Correspondence to: Dr Bhaskar Shenoy, Head, Department of Pediatrics, Manipal Hospitals, Bangalore, Karnataka, India. Email: [email protected]

Published online: August 28, 2020;
PII:
S097475591600188

 


Objective: To formulate practice guidelines on diagnosis and management of Kawasaki disease (KD) for Indian children. Justification: KD is a systemic vasculitis that predominantly affects infants and children less than 5 years of age. Coronary artery abnormalities (CAA) develop in around 15-25% of untreated children with KD. Coronary artery involvement can lead to long-term cardiovascular implications such as development of premature coronary artery disease. Diagnosis of KD is essentially clinical based on recognition of a constellation of characteristic symptoms and signs. Timely diagnosis and initiation of intravenous immunoglobulin (IVIG) therapy is known to produce five-fold reduction in the incidence of CAA. As there is no confirmatory laboratory test for KD, the diagnosis may be missed if one is not familiar with the nuances of clinical diagnosis. Process: A committee was formed under the auspices of Indian Academy of Pediatrics in early 2018 for preparing guidelines on KD in Indian children. A meeting of the consultative committee was held in Mumbai, and a draft protocol was devised. All members scrutinized the recent publications on the subject and an attempt was made to arrive at a broad consensus. Published guidelines on the subject were also reviewed. Recommendations: The diagnosis is clinical and is aided by laboratory and 2D echocardiography. First line of therapy is IVIG, and should be started expeditiously once the diagnosis is made.

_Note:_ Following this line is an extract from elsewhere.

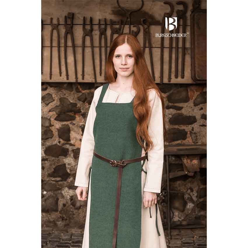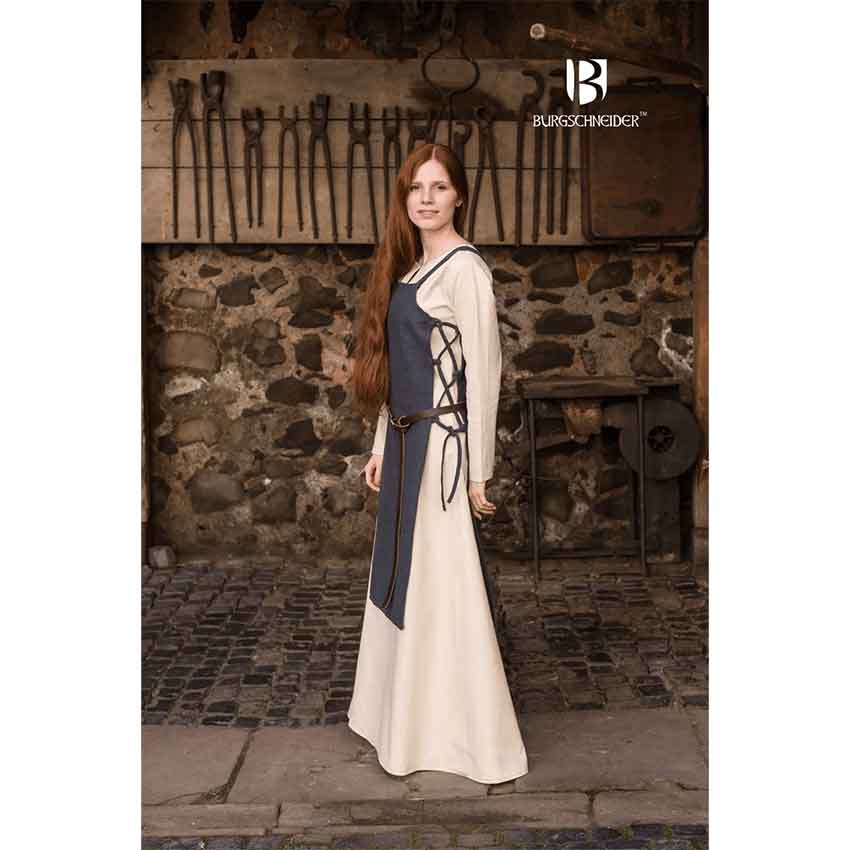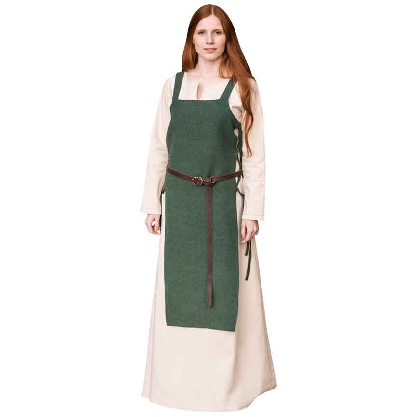 Gyda Eiriksdatter was a Norse queen who pushed Harold Fairhair to unite all of Norway under one ruler. A noble task like that requires power, poise, and steadfastness. The Gyda Eiriksdatter Viking Apron Dress reflects each of these qualities. This authentic cotton outer garment is based on the clothes worn by Vikings during the Middle Ages and fits loosely over the body for comfortability and ease of movement. Its front and back are held together by lacework along the sides, which also serves to make the outfit more adjustable. Its length ends just below the knees, allowing the legs to maintain a large range of motion, and the dress forsakes sleeves for historically authentic shoulder straps, preventing the arms from becoming restrained. The Gyda Eiriksdatter Viking Apron Dress comes in blue, grey, green, or hemp, making it a versatile component of any medieval ensemble, especially those of warriors, smiths, or Viking rulers.
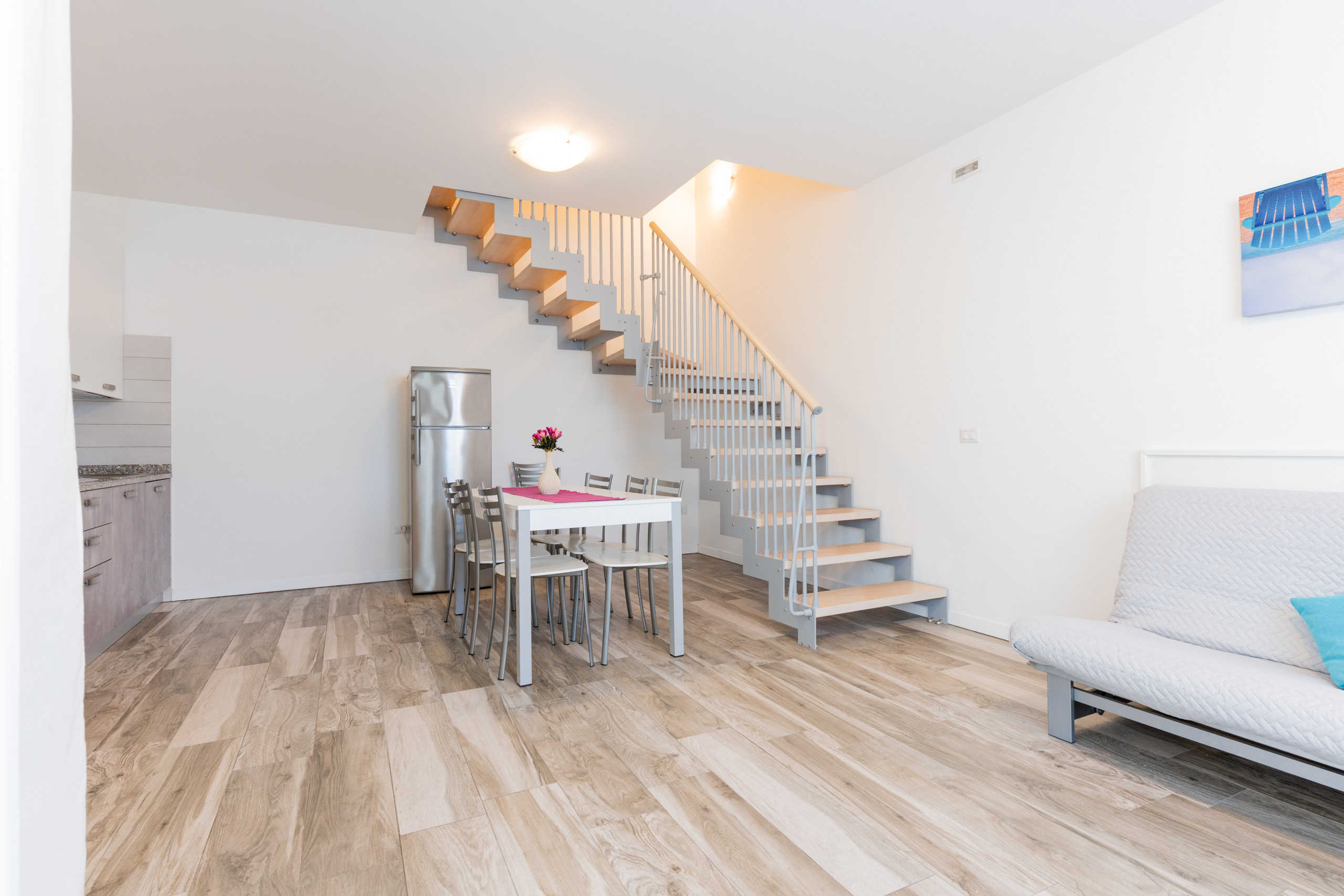 On the ground floor, there is a living room with an equipped kitchenette, a comfortable French double sofa bed and, in some units, also a bathroom with a shower cubicle.

Keywords: Coronary artery abnormalities, Diagnosis, Intravenous Immunoglobulin, Infliximab, Management.



Kawasaki Disease (KD) is an acute febrile illness that commonly affects children below 5 years of age. Classified under pre-dominantly medium vasculitides, it has a predilection to involve coronary arteries. Ever since the first report by Dr. Tomisaku Kawasaki from Japan in 1967 [1], the disease has been increasingly reported world-wide. KD has become one of the leading causes of acquired heart disease among children in many developed countries.

Incidence of KD has been increasing significantly over the last decade, even in India, possibly due to a combination of an actual increase in incidence and also due to heightened awareness amongst the pediatricians [2]. A high index of suspicion supported with relevant laboratory tests and imaging (2D echocardiogram) is often needed in establishing the diagnosis. Though various consensus guidelines are available for diagnosis and management of KD, a nation-wide consensus for a resource constrained setting like ours is the need of the hour.

PROCESS

A National Consultative Group was constituted under the auspices of Indian Academy of Pediatrics (IAP) in March, 2018 for preparing the guidelines on KD in Indian children. This group of experts consisted of pediatricians, pediatric rheumatologists and pediatric cardiologists known for their expertise and experience in treating KD across the country. A meeting of the consultative committee was held in Mumbai in March, 2018 to discuss the scientific contents. The members reviewed the available literature and discussed various aspects of forming the guidelines and a draft protocol was devised. This was reviewed by all the members and a final draft recommendation was formed through a virtual meeting. The draft recommendations formulated by the group were circulated among the members and a consensus document was finalized.

DIAGNOSIS

We have two established criteria that could be used as a guide for diagnosis of KD – The American Heart Association (AHA) criteria [1] and the Japanese criteria [7]. AHA criteria have been discussed in this document and are detailed in Box I.

Box I Classical Diagnostic Clinical Criteria of Kawasaki Disease by the American Heart Association [1]

Fever persisting >/=5 days

History/Presence of >/=4 principal features

• Changes in extremities (pedal edema in acute phase, periungual peeling in sub acute phase

• Polymorphous rash

• Bilateral bulbar conjunctival injection without exudates

• Changes in lips and oral cavity

• Cervical lymphadenopathy (>1.5 cms diameter)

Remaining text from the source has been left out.